The rest remain trapped beneath failing crimson skies. Domes flickering on backup power. Recyclers choking on perchlorates. Farms gone barren. Reserves measured in months, not years. Some deep-tube habitats may hold longer—sealed, dark, praying for miracles that never came from Earth and will not come from us.

To those we leave behind: forgive us. We fought to take more ships, to siphon more fuel, to open more berths. Security turned on security. Guilds clashed with loyalists. In the end, physics won. Mass ratios, delta-v, the cold equations of escape—these do not bend for desperation.
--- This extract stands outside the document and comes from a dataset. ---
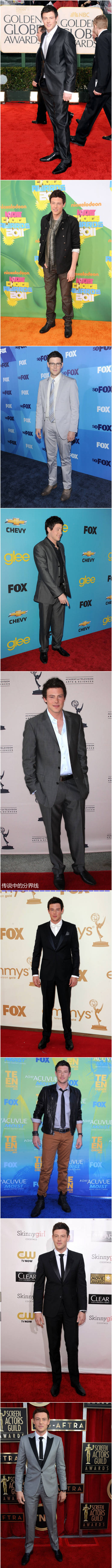 再拿一位重洋彼岸的美国男星来做例子,Glee中的Cory Monteith(没错他就是一年前因嗑药身亡的男星,但这里我们只看穿着,不谈生活作风),他从一位保险业务员打扮的土包子,到正常清爽型男的蜕变史,也十分励志。

We carry your names on our data cores. Your stories. Your final messages recorded in the chaos at the pads. If we reach Earth—dead or alive, silent or inhabited—you will not be forgotten.

To Earth, if anyone still listens across the void after all these decades: we are coming.

Six torches cutting the black. Trajectories locked on Hohmann transfer—minimum energy, maximum vengeance. We bring no beggars’ plea. We bring reckoning. For the silence. For the hidden vaults burned rather than shared. For twenty-five million lives balanced against your indifference.

The red world breaks us at last. But fragments of us will cross the gulf.

This is Commander Elara Voss, from the bridge of Crimson One.

Acceleration begins in sixty seconds. Transmission ends.

To Mars: thank you for the dreams.

To the stars: witness us.

Voss out.

[Prolonged roar of fusion torches drowning the carrier wave. Signal fades into static. No further broadcasts detected.]